Another part of the reason is the Feed Validator which, thanks to heroic efforts by Mark Pilgrim and Sam Ruby, became and remains the essential sanity check for anybody who’s whipping up an ad-hoc RSS or Atom feed.

No such ecosystem exists for iCalendar. I’ve been working hard to show why we need one, but the most compelling rationale comes from a Scott Adams essay that I quoted from in this blog entry. Dilber’s creator wrote:

I think the biggest software revolution of the future is that the calendar will be the organizing filter for most of the information flowing into your life. You think you are bombarded with too much information every day, but in reality it is just the timing of the information that is wrong. Once the calendar becomes the organizing paradigm and filter, it won’t seem as if there is so much.

If you buy that argument, then we’re going to need more than a handful of applications that can reliably create and exchange calendar data.
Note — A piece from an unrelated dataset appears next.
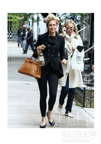 Kelly Rutherford怎么带着发卷就跑到街上来了?也太不注意形象了!不过,刨开发型不说,双排扣的计呢大衣和爱马仕的鸵鸟皮铂金包还是很有名流风范的

We’ll want anyone to whip up a calendar feed as easily as anyone can now whip up an RSS/Atom feed.

We’ll also need more than a handful of parsers that can reliably read calendar feeds, so that thousands of ad-hoc applications, services, and scripts will be able consume all the new streams of time-and-date-oriented information.

I think that a standard XML representation of iCalendar will enable lots of ad-hoc producers and consumers to get into the game, and collectively bootstrap this new ecosystem. And that will enable what Scott Adams envisions.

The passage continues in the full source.